The Myeloid Translocation Gene (MTG) family consists of three members: MTG8 (ETO), MTGR1 (CBFA2T2), and MTG16 (CBFA2T3)16. MTGs associate with DNA binding proteins and recruit other corepressors and histone deacetylases (HDACs) to form repression complexes that downregulate the transcription of target genes17. MTG8 and MTG16 are pathologically disrupted by chromosomal translocations in acute myeloid leukemia (AML), highlighting their importance in regulating stem cell programs18. Given their prominent role in hematopoietic malignancies and hematopoiesis, and that stem cell programs are frequently activated in tumorigenesis, it was postulated that MTG dysfunction may cooperate with other mutations in driving epithelial tumorigenesis. In support of this hypothesis, MTG8 was identified as a new candidate cancer gene in breast and colorectal cancer19 based on its frequency of mutations.
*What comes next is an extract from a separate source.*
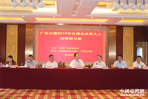中國臺灣網6月27日廣州訊 6月22日至24日,臺盟廣東省委員會、廣州市臺聯、臺盟惠州支部聯合舉辦了“2018年臺灣企業界人士研習班”活動。廣東省政協副主席、臺盟廣東省委員會主委張嘉極,臺盟廣東省委員會專職副主委鄭廣臺,廣東省臺辦交流交往處處長劉小青等領導以及在粵臺商代表35人等全程參加了研習班活動。
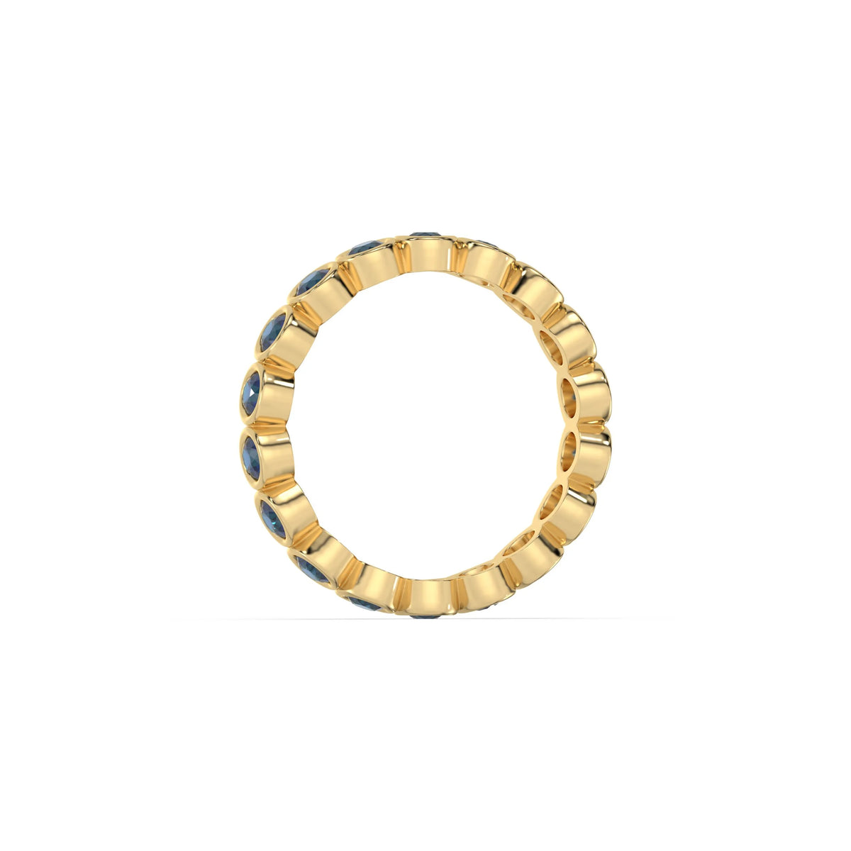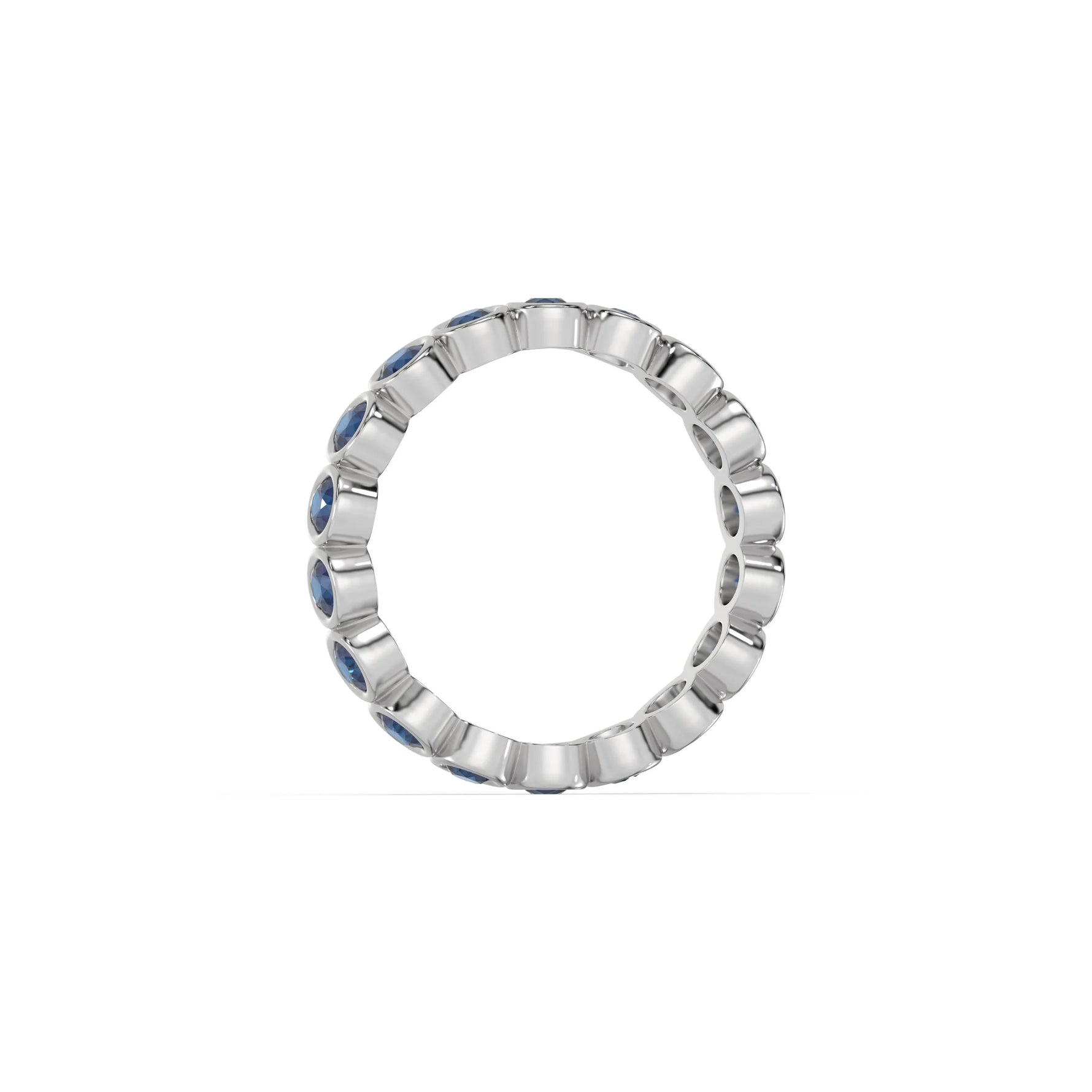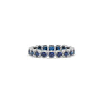This 3 mm full eternity band features approximately 0.70 carats of round natural blue sapphire gemstones set in a bezel setting.

Similarly, our query of The Cancer Genome Atlas (TCGA) database20,21 indicates numerous MTG16 and MTGR1 mutations have been identified. Animal models have revealed unexpected pivotal roles for MTGs in regulating stem cell and differentiation programs in the gut. Genetic deletion of any one of the MTG family members results in striking intestinal phenotypes. A portion of Mtg8−/− mice fail to develop the midgut22, Mtgr1−/− mice have pan-secretory lineage loss17, and Mtg16−/− mice have decreased goblet cells indices23. Moreover, both Mtgr1−/− and Mtg16−/− mice have augmented intestinal epithelial proliferation17,23–25, further suggesting dysregulated stem cell programs. The mechanism underlying their intestinal phenotypes is not deduced, but may reflect alterations in Wnt or Notch signaling levels.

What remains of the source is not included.